La mondialisation, accroissement et diffusion des échanges sur la terre, s’avère sans doute « l’évènement économique majeur de l’époque contemporaine », comme le relève si bien Martin Wolf. Loin d’être un phénomène nouveau et spontané, la mondialisation est, en fait, un processus économique séculaire qui s’est déroulé en trois phases bien distinctes : internationalisation (ou ouverture des pays au commerce international régulé par l’Etat) de l’antiquité au 19e siècle ; mondialisation stricto sensu (ou accroissement et accélération des échanges des biens, des services ainsi que des facteurs de production sur toute la Terre) de 1900 à 1980 environ ;et enfin globalisation (ou prise en main graduelle de l’espace mondial par les firmes multi-nationales désirant, à long terme, produire et vendre partout sans la moindre entrave étatique). De 1980 à nos jours. Favorisée par les progrès technologiques et déclenchée par la libération, la mondialisation n’est pas la panacée tant attendue pour solutionner les problèmes de l’humanité. Elle suscite tout à la fois des espoirs et des craintes tout en présentant aussi bien des avantages que des inconvénients. S’appuyant sur les règles de l’ultra-libéralisme, la mondialisation a vraisemblablement produit plus de perdants que de gagnants. En même temps elle a aggravé les intégralités entre les individus et entre les nations. En outre, elle tente de réduire la gestion démocratique des Etats par les pouvoirs publics tout en favorisant une agression sauvage de l’environnement.

Quoiqu’il en soit, il n’est pas aisé pour un pays quelconque, de vivre en marge de cette tentaculaire mon diolisation.

 

PEPIN BOULOU

 

NOTES

1- Lire « La Mondialisation : fléau ou remède ? in  la revue »  Réveillez-vous du 22 mars 2002

2- Géographie Seconde «  les hommes occupent et aménagent l’espace », sous la direction de Jean Louis Mathieu, édition Fernand Nathan, Paris 2001, page 68

3- Paul Valéry, Regards sur le monde actuel, ouvrage paru 1931.

4- Les organisations économiques régionales les plus importantes sont les suivantes : Union Européenne (U.E), Association de libre-Echange Nord Américain (ALENA), Association des Nations du Sud-Est Asiotique (ASEAN), Marché commun Sud-Américain (MERCOSUR), communauté pour le développement de l’Afrique Australe (SADC). A cela, il faut ajouter des organisations inter-gouvernementales comme l’organisation Mondiale du Commerce (O.M.C), l’organisation des Pays Exportateurs de Pétrole (OPEP), les pays Afrique-Caraïbes-Pacifique (A.C.CP)

5- La Triode est un terme consacré pour désigner les trois régions qui constituent les pôles économiques majeurs de la planète à savoir Amérique du Nord, Europe de l’Ouest et Japon.

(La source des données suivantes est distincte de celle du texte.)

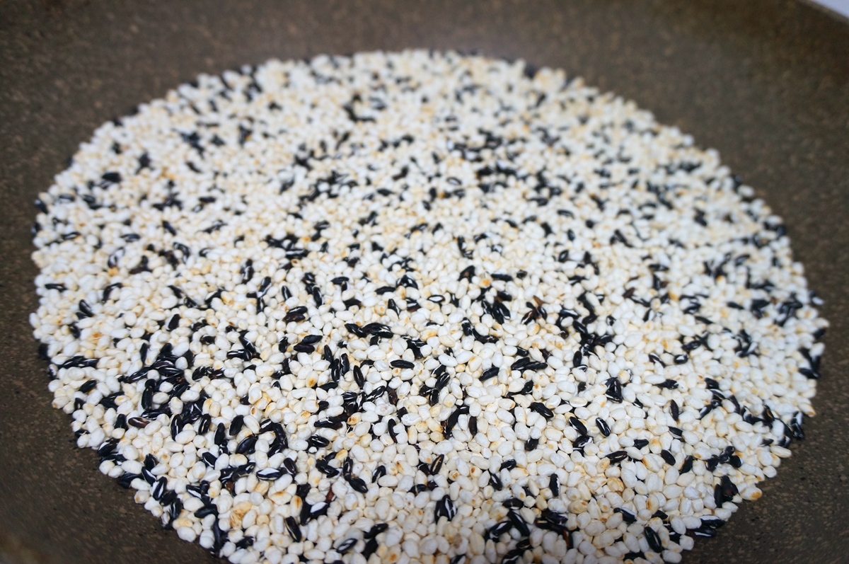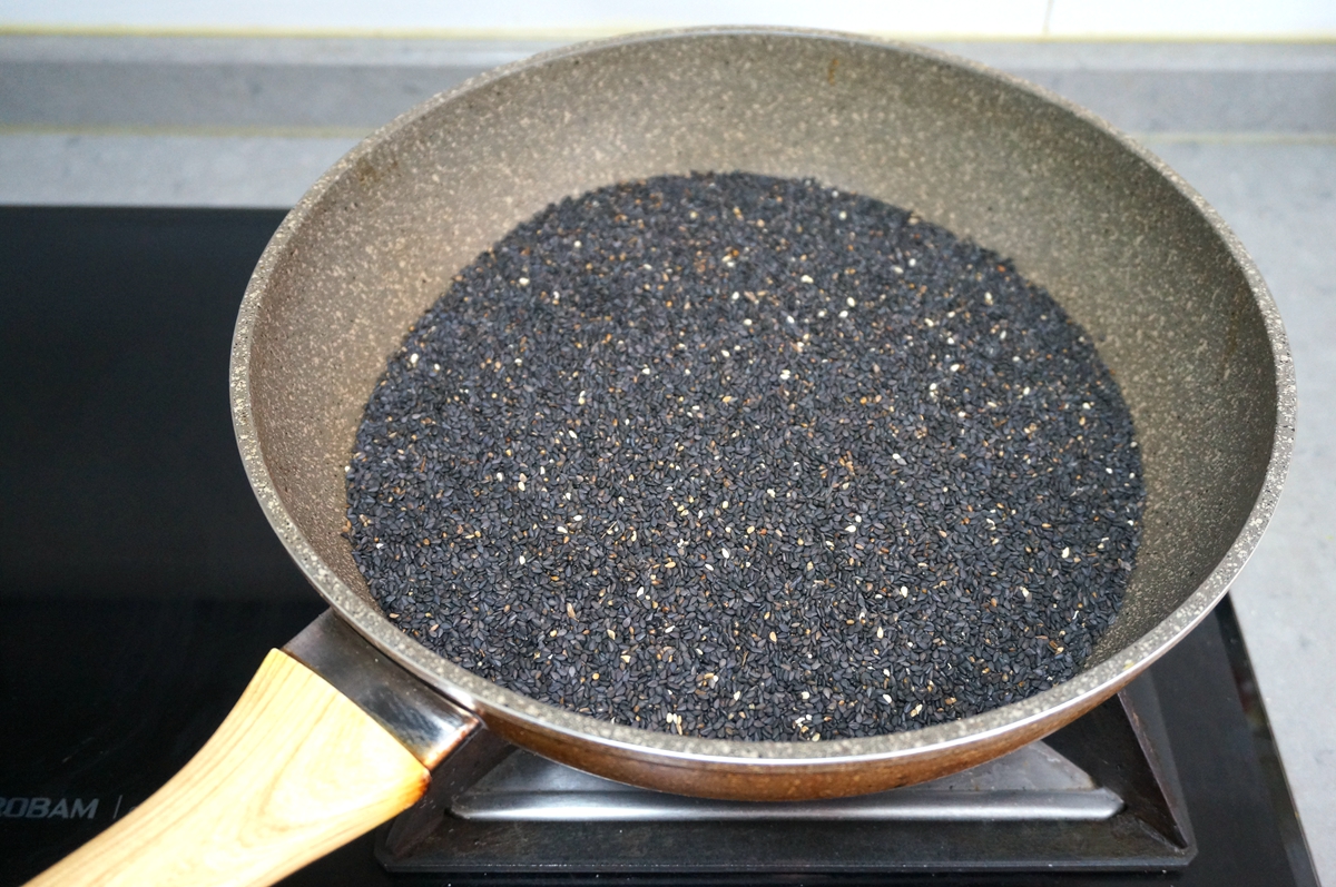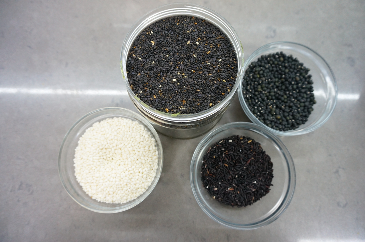 材料:黑芝麻400克,黑豆120克,黑米120克,糯米250克
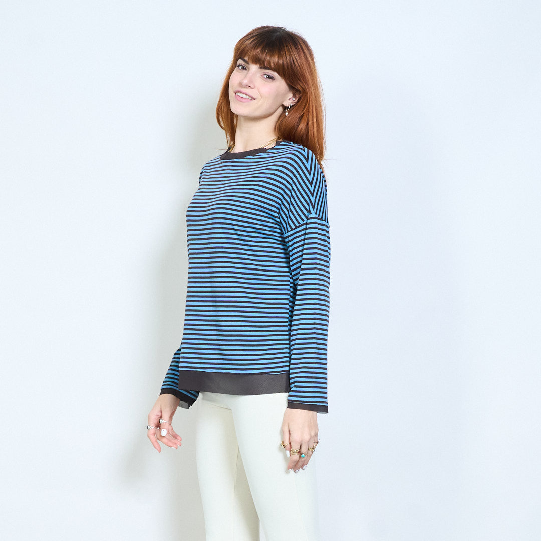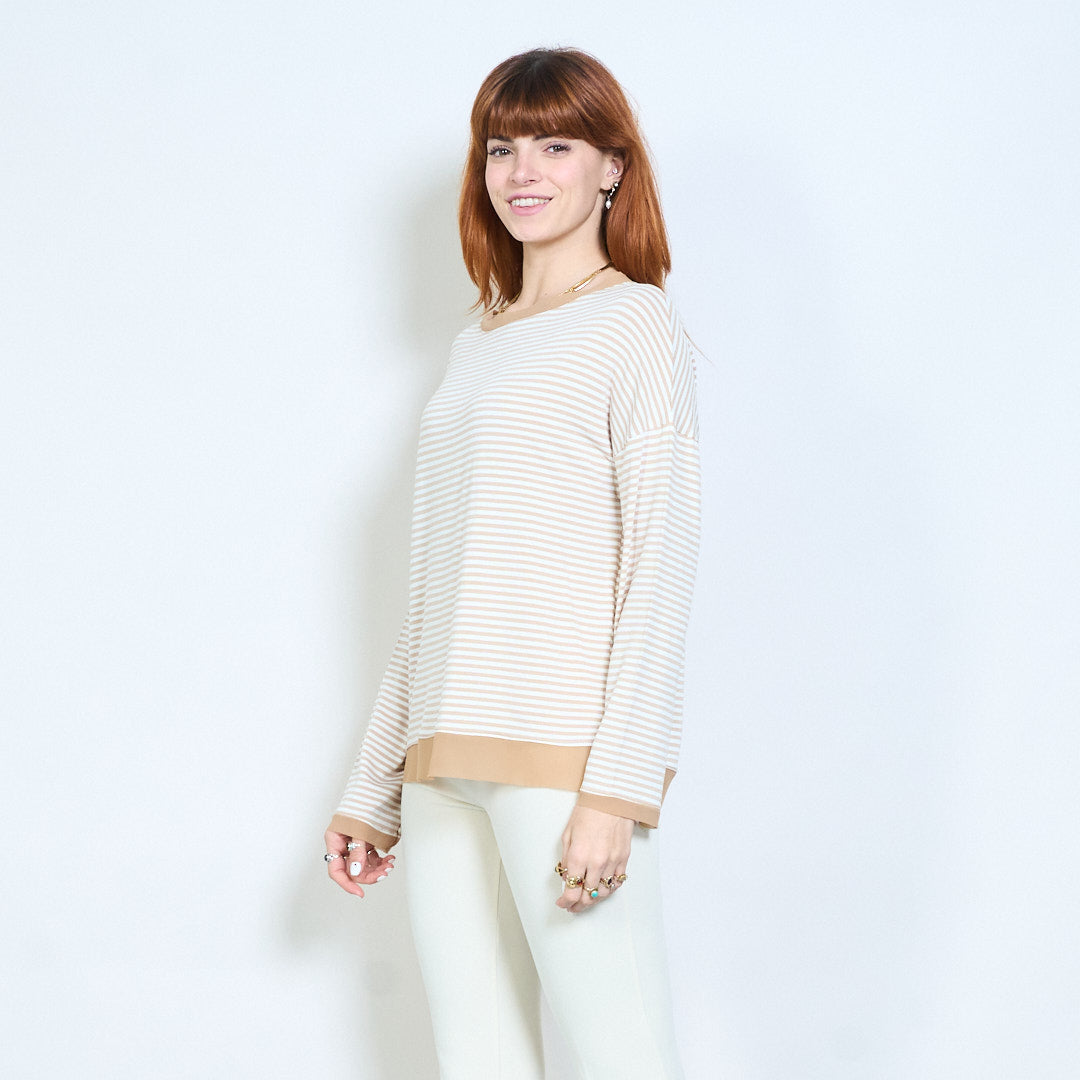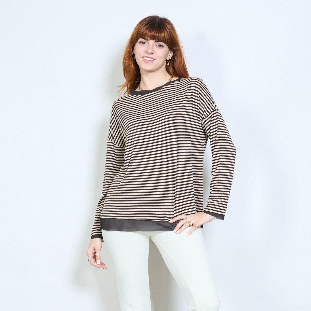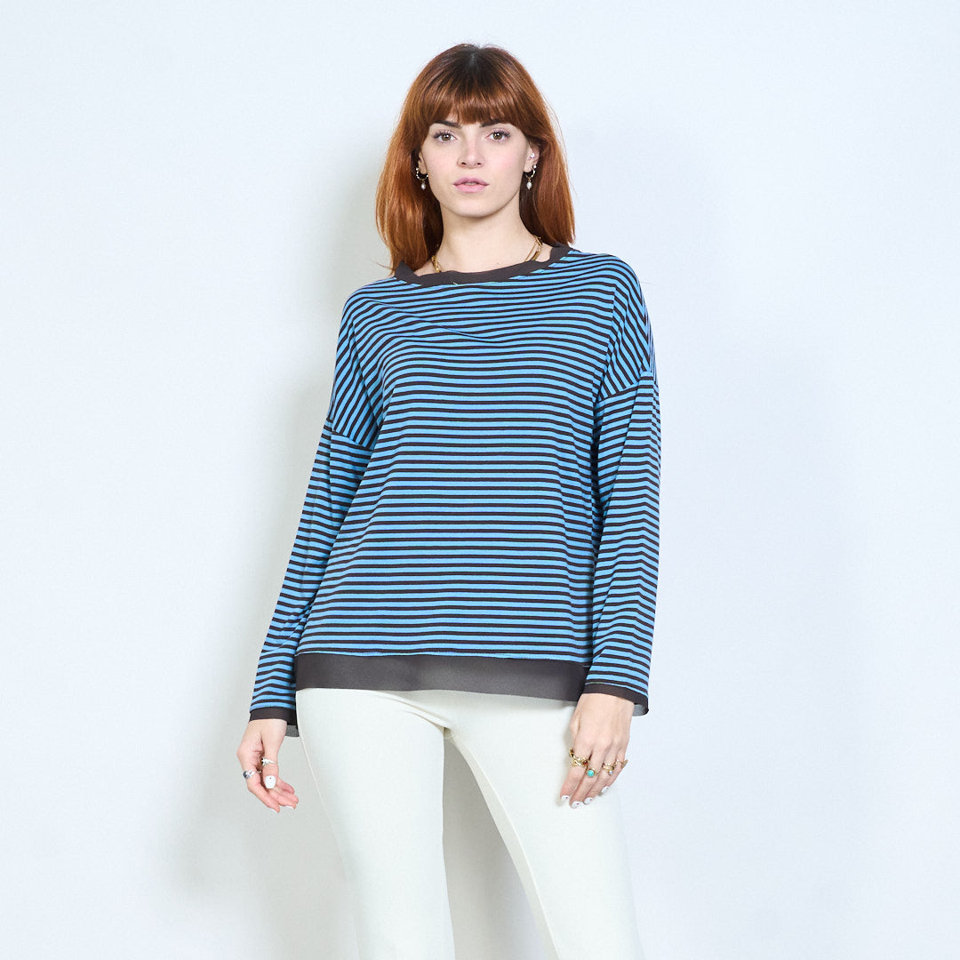 Top a rayas de manga larga y corte relajado con dobladillo acanalado al por mayor
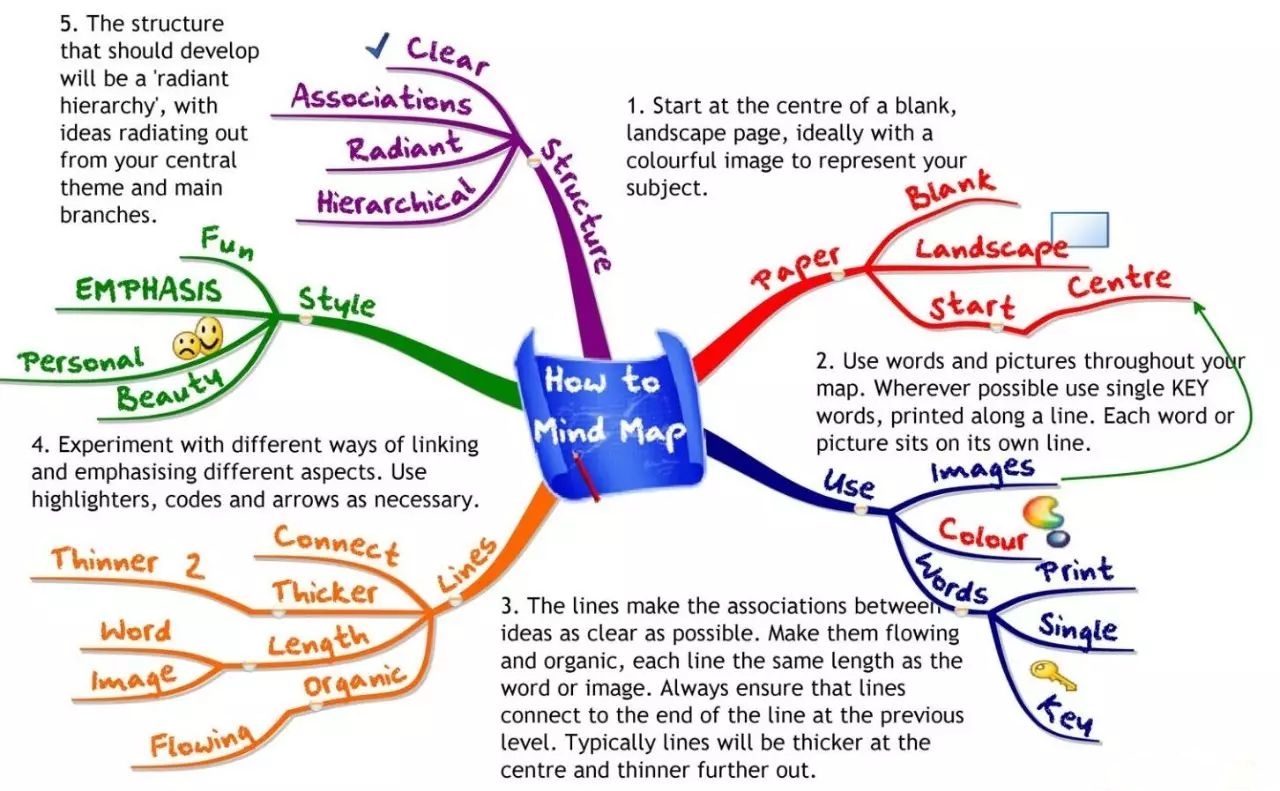 這種筆記法只需要學(xué)習(xí)者寫下一個(gè)主話題,然后在主話題下迅速記錄知識(shí)要點(diǎn)即可。適用于覆蓋大量信息的快節(jié)奏課程。
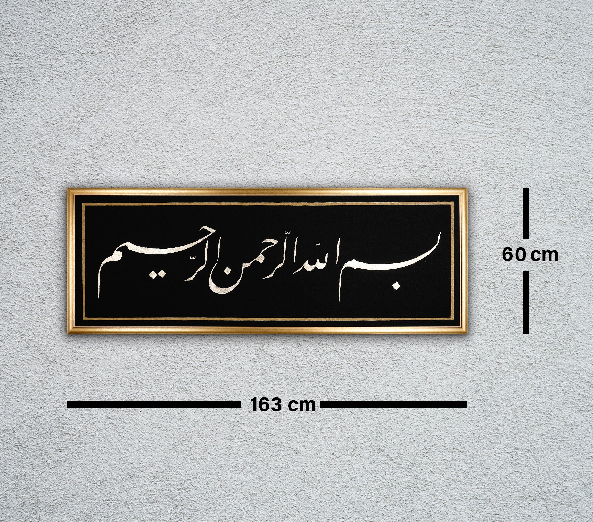 Besmele El Yazması Siyah Kanvas Tablo 60x163 cm
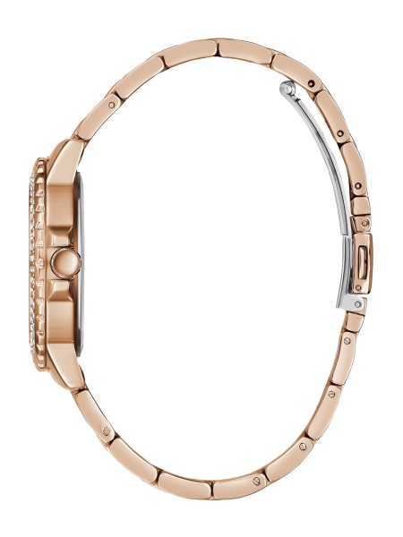 Öltöztesse Fel Megjelenését Ezzel Az Elegáns, Rózsaszínű Arany Tónusú órával, Amelynek Előlapja Elegáns Strassz Díszítéssel Büszkélkedhet, és Többfunkciós Funkciókkal Rendelkező Gyöngyház Számlappal.
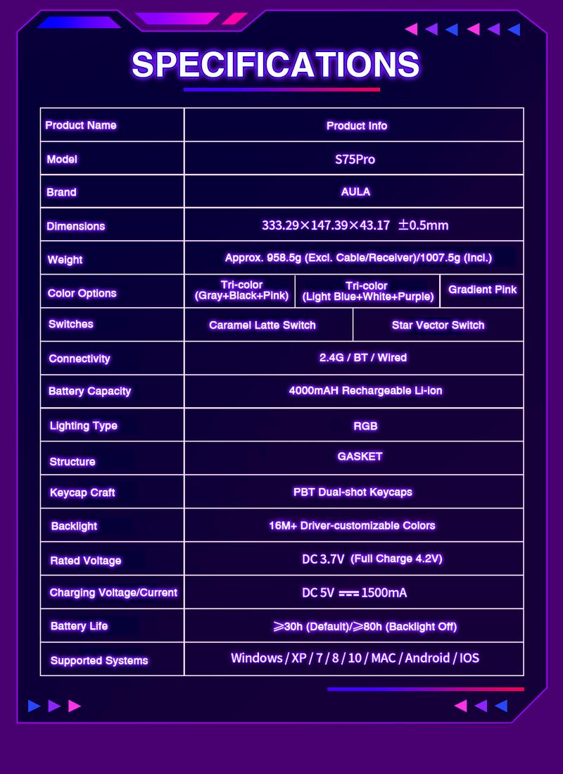 - 75% Compact Layout & PBT Keycaps: No matter the outlook, the construction, or the function, AULA S75 Pro keyboard is definitely a professional gaming keyboard. This 80-key 75% layout compact keyboard can save more desktop space while retaining the necessary arrow keys for gaming. These side-engraved PBT keycaps take double injection molding and heat sublimation process, which are more durable without fading, sweat-proof, and softer to the touch.
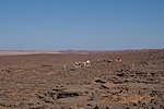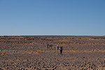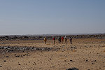 Our route was agreed with Dagarat to be generally to the south, descending on the pass and meeting the cars at midday on day 10. However, the actual daily route was pretty much determined by the camel drivers from Tin Akn, who knew the passable camel trails and also which gueltas had water, something needed for both the camels and also for wildlife spotting. Dagarat knew that our main objective was to see wildlife, we started out in the morning towards a place called Ibaren Adou, the agreed meeting place with the camels at midday. We marched towards the south west on the flat plateau, and after about two hours we came upon a broad shallow wadi with abundant vegetation. Approaching it carefully, we did find a small herd of three Dorcas gazelle grazing in the middle of the depression. They spotted us but did not bolt, for a while they looked at us until slowly they turned and retreated in a slow trot. While they were quite far it was still a reasonably good and quite unexpected photo opportunity.
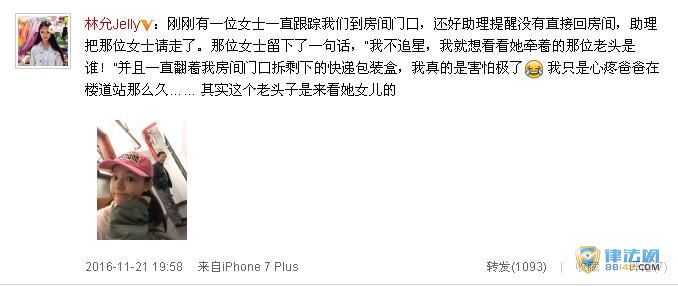 林允发文写道“刚刚有一位女士一直跟踪我们到房间门口,还好助理提醒没有直接回房间,助理把那位女士请走了。那位女士留下了一句话,‘我不追星,我就想看看她牵着的那位老头是谁!’并且一直翻着我房间门口拆剩下的快递包装盒,我真的是害怕极了。我只是心疼爸爸在楼道站那么久……其实这个老头子是来看她女儿的”。林允还附上了两张自拍照,照片中她带着一顶粉色的鸭舌帽,林爸爸站在她身后关切地看着女儿。
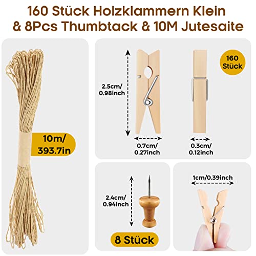 168PCS Mini pioli di legno: Il pacchetto include un totale di 160PCS mini pioli di colore legno, una corda di filo di iuta lunga 10 metri e 8PCS piccole miniature di legno
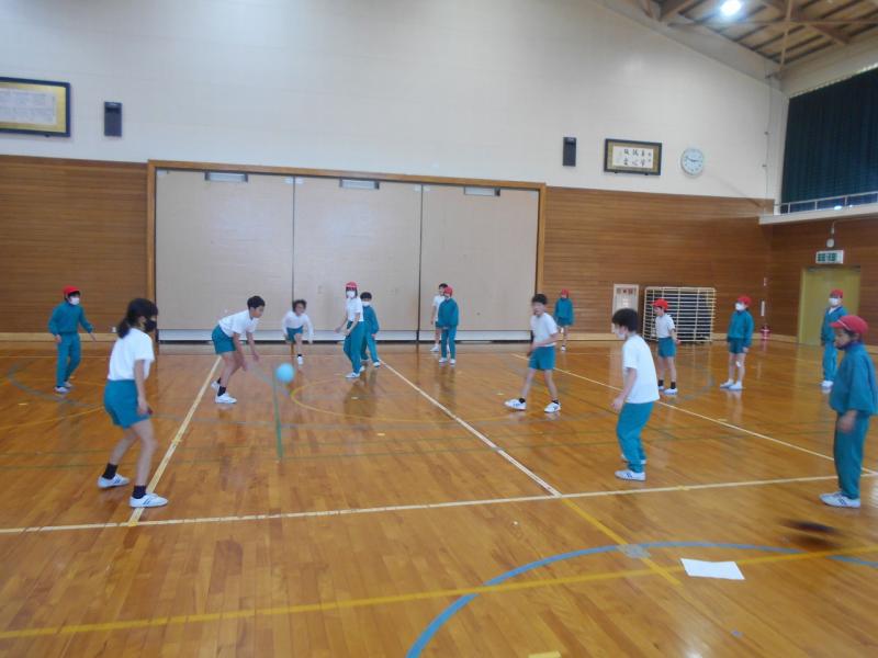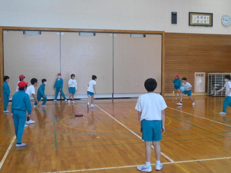 内容は、ドッジボールとドッジビーをまぜたゲームを行いました。
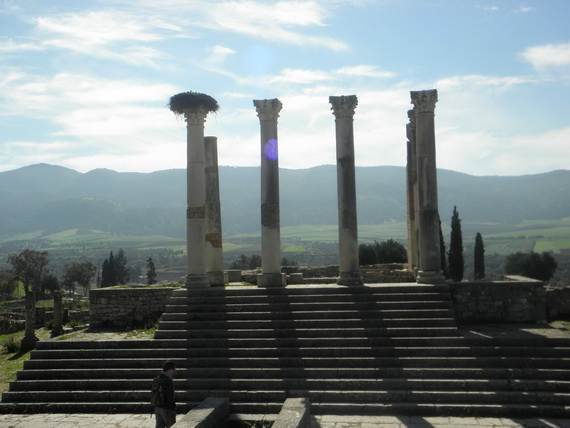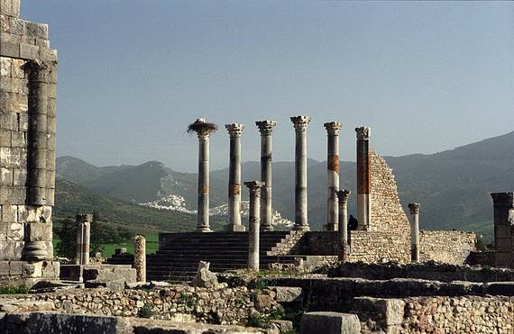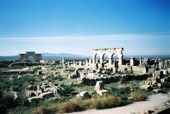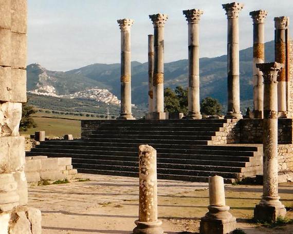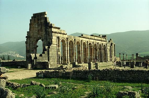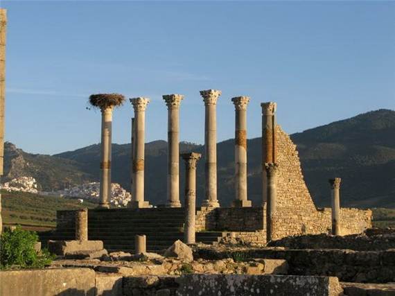 Archaeological Site of Volubilis (Arabic, Walili) is an ancient Roman Empire outpost that once served as the capital of Mauritania in the 3rd century BC and was graced with many fine buildings. Located in Morocco near the city of Meknes (33 kilometers) between Fez and Rabat in the Middle Atlas, in a fertile agricultural area, and was graced with many fine buildings. The fertile land of the province produced was the center of olive oil production which was exported to Rome, and its wealthier classes built lavish courtyard houses with intricate floor mosaics. The nearest town is Moulay Idriss Zerhoun named after the great grandson of the Prophet Muhammad an important Islamic site in Maroc. Volubilis features the best preserved Berber ruins and one of the largest ancient ruins in Africa.

6- Ce bel aphorisme a été cité par Ignacia Ramonet dans un article intitulé « une logique d’oppression » panne dans la revue Manière de voir N°32 « scénario de la mondialisation » publié par le mensuel le Monde diplomatique en Novembre 1996.

7- Cette expression est d’Eric TOUSSAINT, animateur du Comité pour l’Annulation de la Dette du Tiers-Monde (en abrégé CADTM). Selon lui, la dette du Tiers-Monde en 1997, s’élevait à 1950 Milliards de dollars et que le Tiers-Monde  rembourse chaque année 200 Milliards de dollars. Alors que l’ensemble de toutes les aides publiques au développement est inférieur à 45 Milliards par an. Lire ATTAC « Contre la dictature des marchés », la Dispute, l’Editions Syllapse, Paris 1999, page 81.

8- Martin Wolf est chroniqueur au Financial Time de Londres. Il a participé à la série d’articles intitulé « La Mondialisation est-elle irréversible ? », publié dans le Monde Diplomatique N° 519 de juin 1997.